Rate limit retry. When a provider returns 429 or 413, the system doesn't just fail. It parses the Retry-After header from the response metadata, waits that duration, and retries up to 3 times with exponential backoff. If all retries fail on Groq, it walks the fallback chain to OpenRouter.
Image data scrubbing. After sending a message with an image attachment, the base64 data URL in the conversation history is replaced with an [image] placeholder. Without this, a single large image could push localStorage past its 5-10MB quota.
Sub-call cancellation. When you send a new message, any in-flight background calls (entity extraction, shadow audit, session watcher) are aborted via AbortController. The system doesn't let stale background work compete with your next query.
The CONFIG.YAML secure vault. API keys stored in browser localStorage with zero server-side persistence.
Why I Put It On GitHub
I didn't build freeAI to compete with ChatGPT. I built it because the thing I wanted didn't exist. Every AI chat UI I tried was either a subscription product or a thin wrapper with a dropdown menu. Neither gives you ambient intelligence. Neither lets you compare four models on the same question. Neither builds a persistent knowledge graph of everything you discuss. Neither fact-checks itself in the background.

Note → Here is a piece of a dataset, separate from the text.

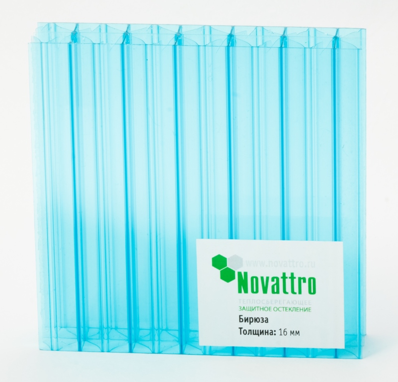 Novattro is produced in two sizes 2.1x6.0 and 2.1x12.0 m. Thickness 4-32 mm. Depending on the thickness, the sheet can be one-, two- and four-chamber, and its structure is 2R or 2Rx. The sheets are available in 12 colors, as well as in Decor format with patterned inclusions. The protective layer against UV radiation is 40-60 microns. Light transmittance up to 81%.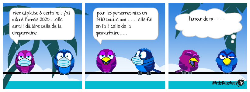 Case 1:Bird 1: n'en déplaise à certains...j'ai adoré l'année 2020....elle aurait dû être celle de la cinquantaine | Case 2: Bird 1: pour les personnes nées en 1970 comme moi....... elle fut en fait celle de la quarantaine..... | Case 3: Bird 1: humour de m - - - -

I put the code on GitHub because that's where code goes when you want people to be able to read it. Twelve files. Vanilla JS. Every line of code that touches your data is right there in the repo. API keys stay in your browser's localStorage. The only network requests leaving your machine are the ones you authorize to Groq and OpenRouter. There's no telemetry. No analytics. No backend.

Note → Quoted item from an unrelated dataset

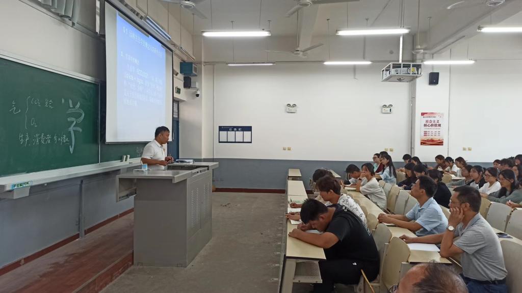 9月4日是新学期开学首日,为确保公司产品工作平稳有序,副经理彭博到太阳集团tyc539就开学第一天教学秩序进行巡查,太阳集团tyc539经理辛峰、副经理张绍军和教学科老师陪同。彭经理首先了解了前期院部课表编排、教材到位和领取情况、教师到岗及员工返校情况;实地查看了教学场所环境卫生、机房的软硬件设施,并就实训室仪器、设备、耗材等的准备情况进行检查督促。随后彭经理一行进入天鹅湖校区1206教室,听了刘欢龙博士讲授的《景观生态学》课程。

You can fork the repo and strip out everything except the chat interface and one model. You can add your own models, your own tools, your own system prompt. You can break it and fix it. It's a tool, not a service.
The repo is at github.com/mikjgens/freeAI. If you build something cool with it, I want to see it. If you find something broken, open an issue. If none of that happens and I'm the only person who ever uses it, that's fine too. I finally have the AI command center I actually wanted.